READ ‘EM AND WEEP

In my continuing quest to earn money while sitting at home reading the paper, I’ve decided to write a bestselling management book.  Nothing too fancy – just an unlikely concept carried to its extreme and endorsed by Kenneth Blanchard.

Actually, while I’m at it, why don’t I write a whole batch, under different pseudonyms, and sell them all at once?  I just need to do use the Modelling technique and reproduce what successful authors before me have done, and the royalties will surely come flooding in.

Here then, is my Spring book catalogue. All orders to the usual address – cash only.

 

Meat! How to Get Your Team Sizzling by Marcus J. Winkenfalter, Bart D. Nardler and Conradin Von Gugelberg

The authors show how the simple management techniques used by their local butcher can be used to (as they put it) “re-sizzle your team’s sausage”.  Chapters include ‘Wield that Chopper’; ‘Tripe Can be Edible Too’ and ‘Some Cuts Need Slower Cooking’.  Described by Ken Blanchard, author of The One Minute Manager Loses His Watch, as ‘The greatest book ever written based on the management techniques used by a local butcher.”.  (Also available in a UK version: Quorn: How to Make Your Team Mildly Interested).

 

Who Moved My Knitting? By Lucas F. Klaustenhaller, M.D.

The powerful fable of two elderly spinsters sharing a house.  Each day, they get up at the same time, and sit in the same chairs knitting jumpers for relatives. One morning, they both find their knitting has disappeared.  Ethel cannot cope, has a complete breakdown and ends her days in a secure mental health unit; Elsie, though, sees it as an opportunity to embrace change, and flies round Europe on a home-made micro light aircraft.  And the moral?  (Rats – I knew I’d forgotten something.) Ken Blanchard, author of The One Minute Manager Moves to Italy and Gets a Terrible Shock, says: “No more knit-one-pearl-one living for me.”

 

Flipchart Magic: How To Make Your Pen Mightier Than Any Sword In The Battle For Participant Enthusiasm  by Jack Constable

“You can tell a trainer by his flipcharts,” says internationally renowned flipchart creator Jack Constable in this powerful and stimulating hands-on guide which will (as Jack puts it) ‘flip your flips’.  Jack shows you how, with a little practice, even the most artistically challenged training professional can produce audible ‘oooh’s and ‘aaah’s from their course participants.  Topics covered include: using different colour pens; drawing a wiggly red line under the title; and, for the more advanced, writing at the same time as you talk.

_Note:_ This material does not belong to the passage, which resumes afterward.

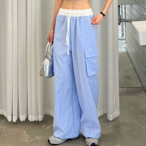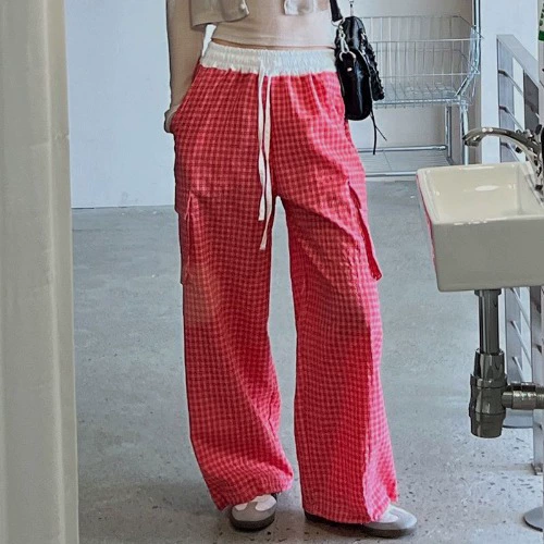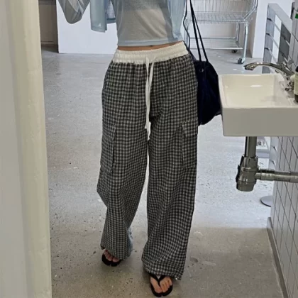 | nameOriginal | Korean chic summer retro niche pine contrasting color splicing design drawstring high waist versatile plaid overalls trousers |

One delighted reader reports: “I spent 30 minutes creating a copy of the Sistine Chapel ceiling on a flipchart, then turned round to find the group had gone into a trance, so overwhelmed were they by the experience.”

 

The Tao of Filing by Yos Ushi

Do you get angered by boring, repetitive tasks?  Then this book is for you.  As its author says in the introduction:

“Like the whisper

Of water following its true path

So the whisper

Of a well-oiled filing drawer

Reunited with its contents.

Thus we find balance in the world.”

Chapters include: ‘Being as One With the Index Card’; ‘A Misfiled Letter In Birmingham Causes A Hurricane In Stockton On Tees’ and ‘Your File Is Only As Empty As Your Mind’.  Ken Blanchard, author of The One Minute Manager is Given 59 Seconds to Live says: “File under ‘Wow!’”

 

Alan Titchmarsh’s Guide to Management.

Tired of the same old management metaphors?  Give your motivational team talks a lift with this thoroughly worked through gardening analogy.  Let Alan transform you from a Weed Puller into a Nurturing Gardener.  Analyse your and team members’ styles using the handy Plant Personality guide: are you a Rose (attractive but thorny), a Gypsophilia (insipid alone, but useful in a mixed bunch) or one of the other 352 species described in detail?

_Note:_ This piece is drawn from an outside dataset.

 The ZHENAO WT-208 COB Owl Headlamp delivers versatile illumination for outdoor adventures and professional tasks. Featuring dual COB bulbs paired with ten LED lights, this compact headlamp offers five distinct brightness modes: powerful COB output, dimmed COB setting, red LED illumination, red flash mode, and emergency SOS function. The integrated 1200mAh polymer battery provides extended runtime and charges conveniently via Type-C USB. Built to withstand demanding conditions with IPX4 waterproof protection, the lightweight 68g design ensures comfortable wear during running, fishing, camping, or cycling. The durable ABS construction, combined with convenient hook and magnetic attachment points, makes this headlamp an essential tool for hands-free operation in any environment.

Once you know what type of plant you’re dealing with, says Alan, then it’s simply a question of getting the right ‘soil’, ‘nutrients’ and ‘light’ (we won’t spoil the book by telling you what these are metaphors for!)  Among the book’s many memorable insights are “Climbers can’t climb unless they have something to climb up.” And “If you don’t like getting your hands dirty, wear suitable sturdy gloves.” One satisfied reader reports: “I now realise my team are all vegetables.  Thanks Alan.”  Ken Blanchard, author of The One Minute Manager Alienates all His Colleagues With His Smug Way of Always Getting People Management Absolutely Right, says: “I was convinced this was an existing book about gardening with just a new cover, but when the endorsement cheque arrived I realised how wrong I was.”